14.      SEVERABILITY.

         14.1     The finding by a court of competent jurisdiction of the
unenforceability, invalidity or illegality of any provision of this Agreement
shall not render any other provision of this Agreement unenforceable, invalid or
illegal. Such court shall have the authority to modify or replace the invalid or
unenforceable term or provision with a valid and enforceable term or provision
which most accurately represents the parties' intention with respect to the
invalid or unenforceable term or provision.

15.      INTERPRETATION; CONSTRUCTION.

         15.1     The headings set forth in this Agreement are for convenience
of reference only and shall not be used in interpreting this Agreement. This
Agreement has been drafted by legal counsel representing the Company, but
Executive has been encouraged, and has consulted with, his own independent
counsel and tax advisors with respect to the terms of this Agreement. The
Parties acknowledge that each Party and its counsel has reviewed and revised, or
had an opportunity to review and revise, this Agreement, and the normal rule of
construction to the effect that any ambiguities are to be resolved against the
drafting party shall not be employed in the interpretation of this Agreement.

                                       5
<PAGE>

16.      REPRESENTATIONS AND WARRANTIES.

         16.1     Executive represents and warrants that he is not restricted or
prohibited, contractually or otherwise, from entering into and performing each
of the terms and covenants contained in this Agreement, and that his execution
and performance of this Agreement will not violate or breach any other
agreements between Executive and any other person or entity.

17.      COUNTERPARTS.

         17.1     This Agreement may be executed in two counterparts, each of
which shall be deemed an original, all of which together shall contribute one
and the same instrument.

         IN WITNESS WHEREOF, the Parties have executed this Agreement as of the
date first above written.

                               The Company:

                               MAXIM PHARMACEUTICALS, INC.

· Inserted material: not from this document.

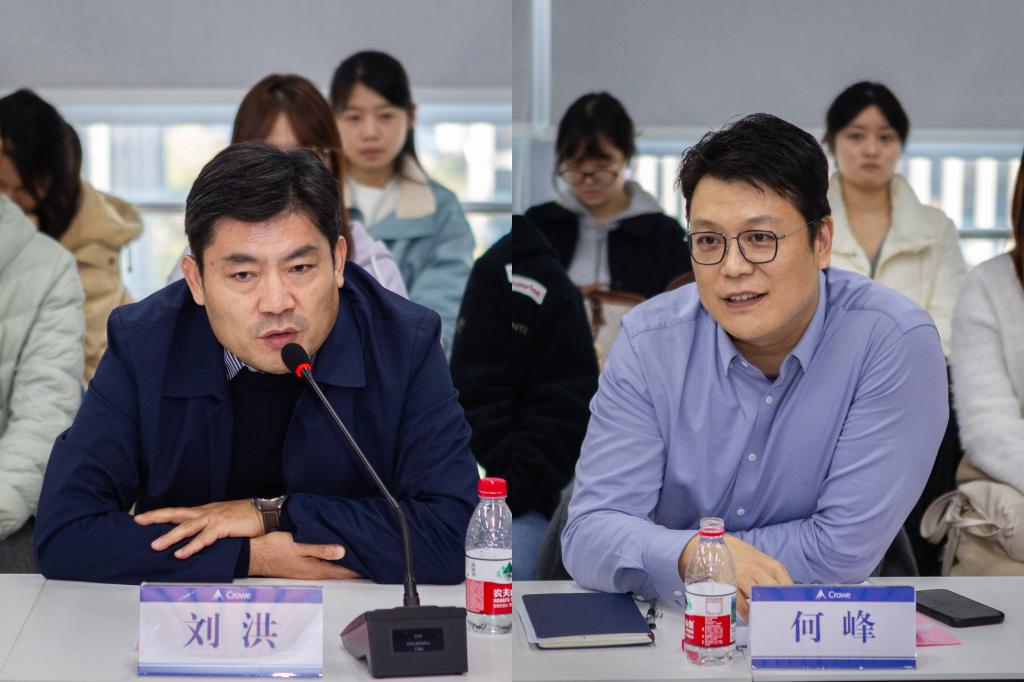 在核心交流环节,王栋详细介绍了集团“财税咨询、企业内控、风险管理”三大核心业务及未来发展规划,重点强调集团亟需兼具法律专业素养与商业思维的复合型人才,并热情邀约各位同学加入国富集团(山东),收获更美好的职业未来。随后,在国富集团(山东)工作的三位山东财经大学校友结合自身职业经历分享职场感悟,为学弟学妹们提供了宝贵的行业经验与成长建议。

                               By:   /s/ LARRY G. STAMBAUGH
                               ------------------------------------------
                               Larry G. Stambaugh
                               Chairman of the Board, President and Chief
                               Executive Officer

                               EXECUTIVE:

                               /s/ KURT R. GEHLSEN
                               ------------------------------------------
                               Kurt R. Gehlsen, Ph.D.